- **TASK OBJECTIVE**:
Look below for the line with "裁缝学苑TQ180童装男童卫衣纸样儿童秋冬长袖t恤新款假两件上衣样板" and the line with "Emmaline is a". Copy exactly those two lines and every line between, but not the pictures.

- **PROVIDED DATA**:
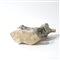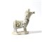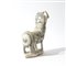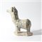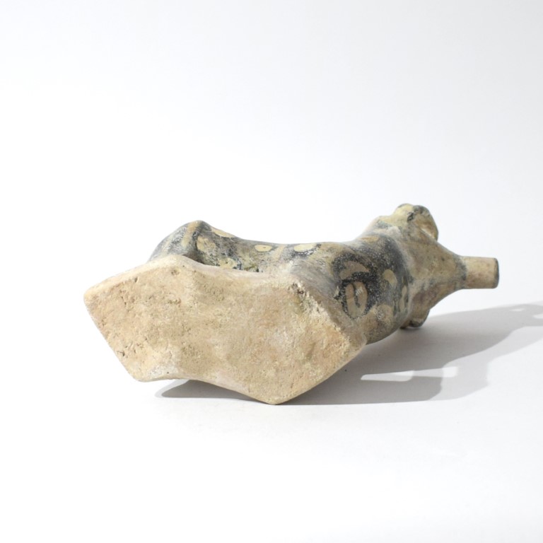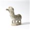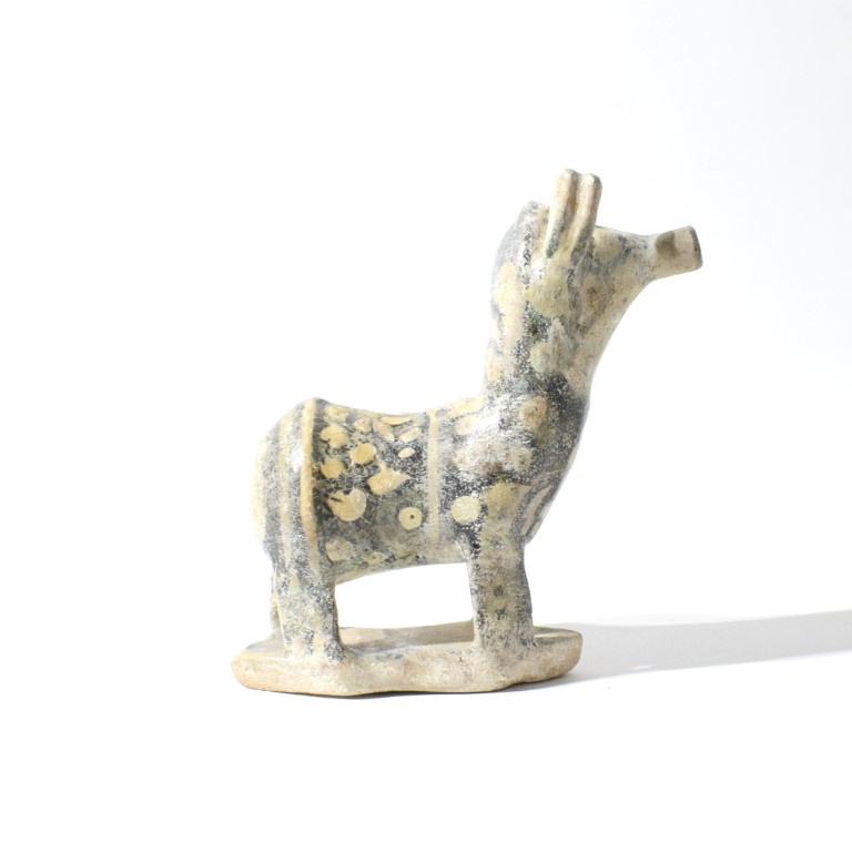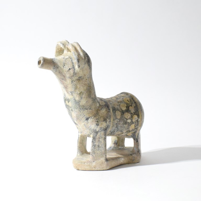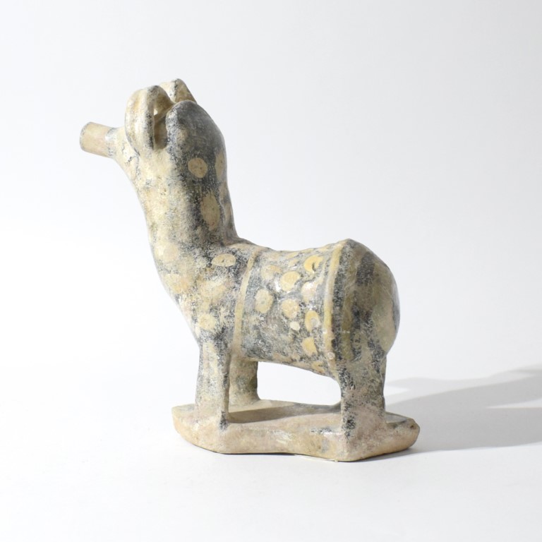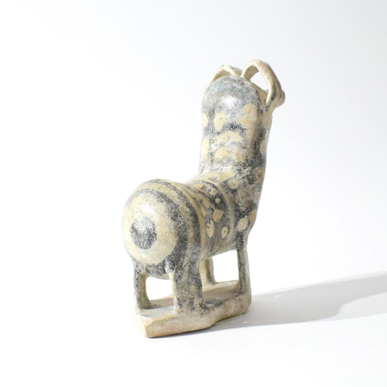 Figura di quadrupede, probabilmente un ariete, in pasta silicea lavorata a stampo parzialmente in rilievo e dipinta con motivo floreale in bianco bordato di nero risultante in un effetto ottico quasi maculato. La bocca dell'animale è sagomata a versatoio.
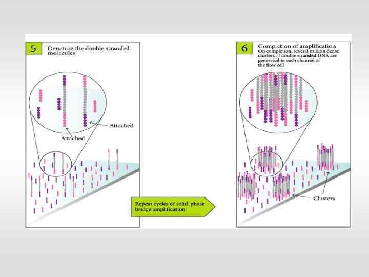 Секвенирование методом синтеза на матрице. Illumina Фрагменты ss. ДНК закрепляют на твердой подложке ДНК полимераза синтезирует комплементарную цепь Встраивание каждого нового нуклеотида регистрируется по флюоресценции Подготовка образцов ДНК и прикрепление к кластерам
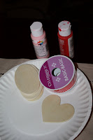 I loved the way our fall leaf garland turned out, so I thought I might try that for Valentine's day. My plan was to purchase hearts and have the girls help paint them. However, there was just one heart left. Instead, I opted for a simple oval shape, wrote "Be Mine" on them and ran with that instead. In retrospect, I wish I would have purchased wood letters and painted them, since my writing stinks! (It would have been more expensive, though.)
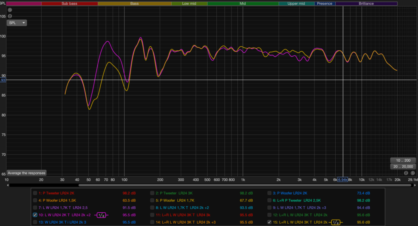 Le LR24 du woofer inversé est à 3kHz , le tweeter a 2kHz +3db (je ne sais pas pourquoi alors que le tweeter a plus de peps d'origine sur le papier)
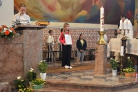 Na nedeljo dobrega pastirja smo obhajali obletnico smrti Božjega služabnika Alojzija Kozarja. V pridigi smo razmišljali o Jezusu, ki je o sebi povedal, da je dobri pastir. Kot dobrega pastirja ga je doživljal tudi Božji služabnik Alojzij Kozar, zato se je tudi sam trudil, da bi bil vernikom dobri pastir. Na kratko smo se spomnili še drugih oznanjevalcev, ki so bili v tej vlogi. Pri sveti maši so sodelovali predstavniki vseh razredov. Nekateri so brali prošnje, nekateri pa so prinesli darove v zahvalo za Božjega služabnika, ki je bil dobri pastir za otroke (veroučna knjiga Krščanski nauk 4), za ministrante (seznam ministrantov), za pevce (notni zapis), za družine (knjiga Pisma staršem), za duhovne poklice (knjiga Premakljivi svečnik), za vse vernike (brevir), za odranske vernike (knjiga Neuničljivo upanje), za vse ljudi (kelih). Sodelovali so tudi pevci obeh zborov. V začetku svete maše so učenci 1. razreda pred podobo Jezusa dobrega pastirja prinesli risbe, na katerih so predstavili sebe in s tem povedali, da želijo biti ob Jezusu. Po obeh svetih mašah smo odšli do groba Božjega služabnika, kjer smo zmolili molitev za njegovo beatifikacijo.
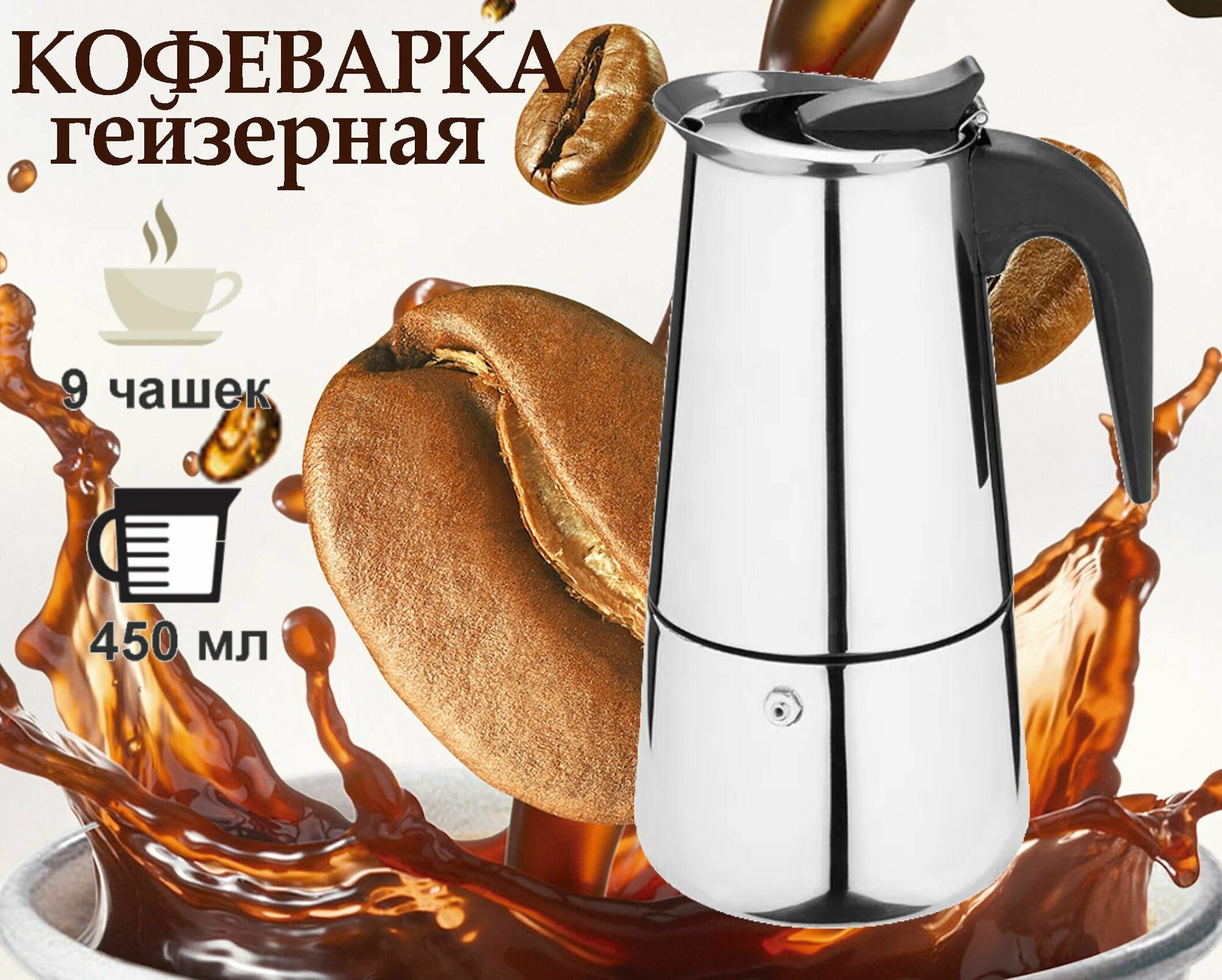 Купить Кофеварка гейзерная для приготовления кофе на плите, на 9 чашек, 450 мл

---

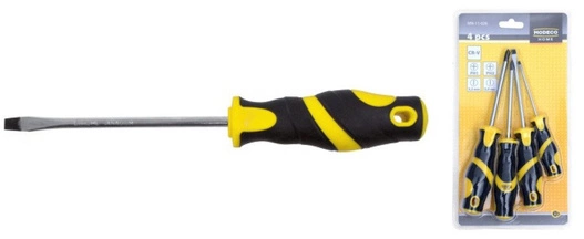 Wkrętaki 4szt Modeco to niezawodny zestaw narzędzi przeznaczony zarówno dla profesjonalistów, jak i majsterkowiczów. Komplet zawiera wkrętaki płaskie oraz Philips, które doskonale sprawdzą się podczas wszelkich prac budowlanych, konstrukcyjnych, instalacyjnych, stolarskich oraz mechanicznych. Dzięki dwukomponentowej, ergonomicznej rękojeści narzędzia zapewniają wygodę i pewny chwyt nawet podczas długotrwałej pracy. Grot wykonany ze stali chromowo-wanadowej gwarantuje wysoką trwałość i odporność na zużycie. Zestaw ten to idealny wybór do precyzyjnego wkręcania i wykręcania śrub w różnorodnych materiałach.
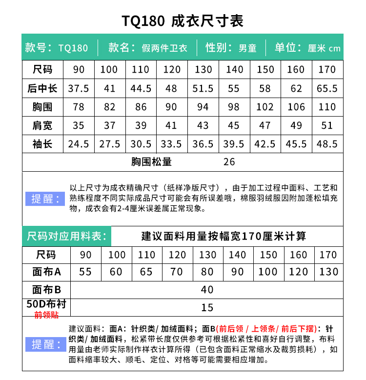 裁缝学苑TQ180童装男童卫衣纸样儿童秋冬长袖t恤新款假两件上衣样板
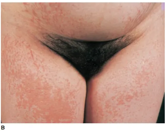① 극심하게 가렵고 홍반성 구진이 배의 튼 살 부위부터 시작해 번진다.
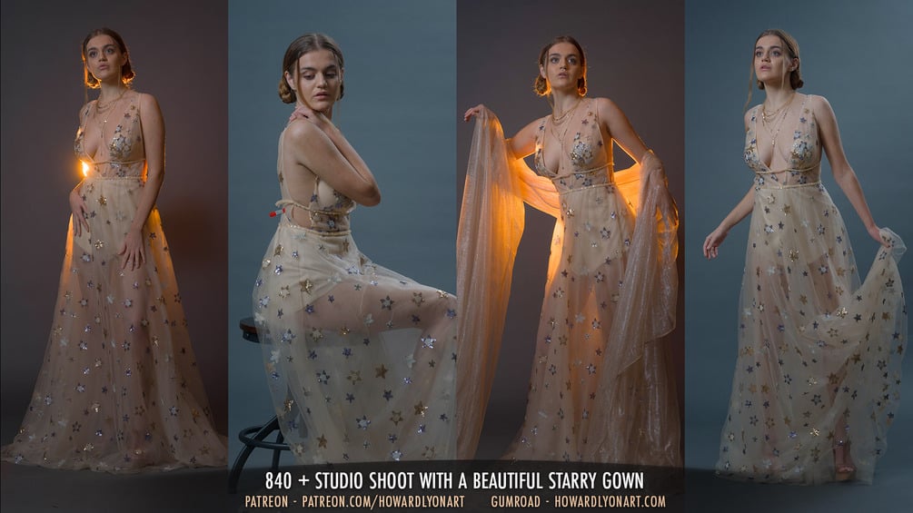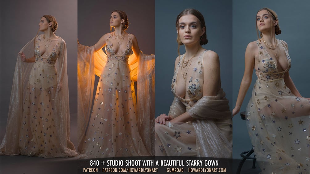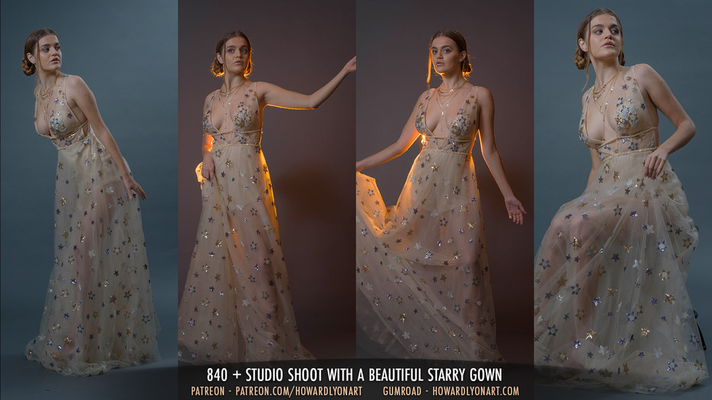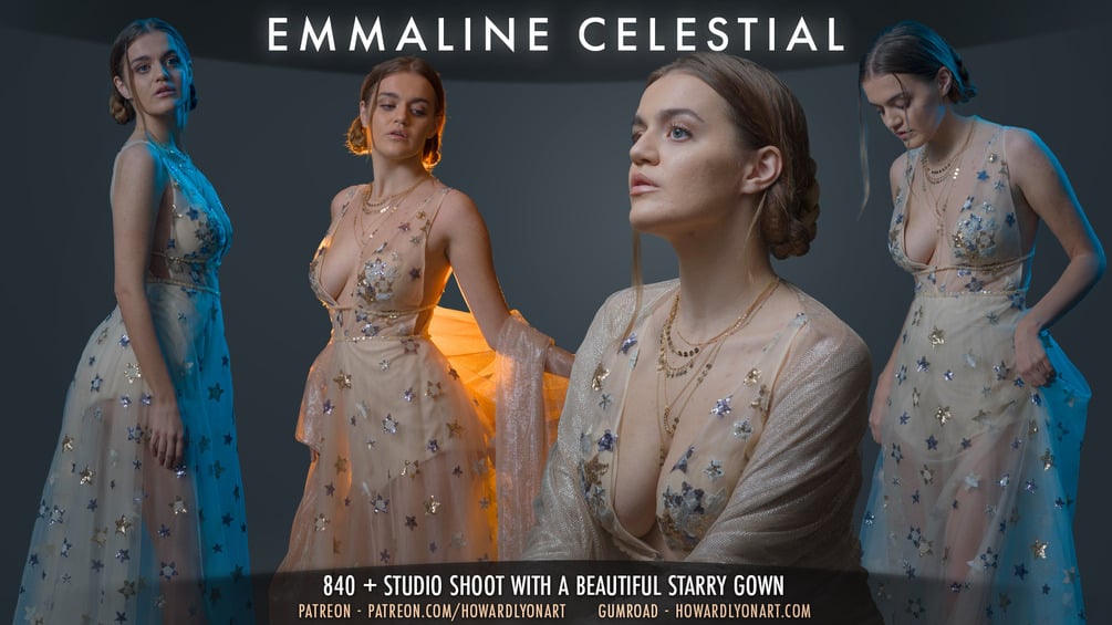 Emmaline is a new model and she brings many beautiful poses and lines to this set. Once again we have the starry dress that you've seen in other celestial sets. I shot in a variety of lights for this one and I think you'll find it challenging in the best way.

* * *

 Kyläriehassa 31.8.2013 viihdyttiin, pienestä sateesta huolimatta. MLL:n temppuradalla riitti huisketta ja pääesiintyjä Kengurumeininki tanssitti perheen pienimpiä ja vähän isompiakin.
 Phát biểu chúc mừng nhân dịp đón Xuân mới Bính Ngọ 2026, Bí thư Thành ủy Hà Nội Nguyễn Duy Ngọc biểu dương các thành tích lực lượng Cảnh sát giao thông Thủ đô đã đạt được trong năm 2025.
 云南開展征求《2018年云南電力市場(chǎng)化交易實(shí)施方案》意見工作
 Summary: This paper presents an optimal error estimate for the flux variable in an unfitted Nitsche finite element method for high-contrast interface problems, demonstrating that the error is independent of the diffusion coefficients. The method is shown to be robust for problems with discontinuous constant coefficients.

- **RESPONSE**:
 裁缝学苑TQ180童装男童卫衣纸样儿童秋冬长袖t恤新款假两件上衣样板
① 극심하게 가렵고 홍반성 구진이 배의 튼 살 부위부터 시작해 번진다.
 Emmaline is a new model and she brings many beautiful poses and lines to this set. Once again we have the starry dress that you've seen in other celestial sets. I shot in a variety of lights for this one and I think you'll find it challenging in the best way.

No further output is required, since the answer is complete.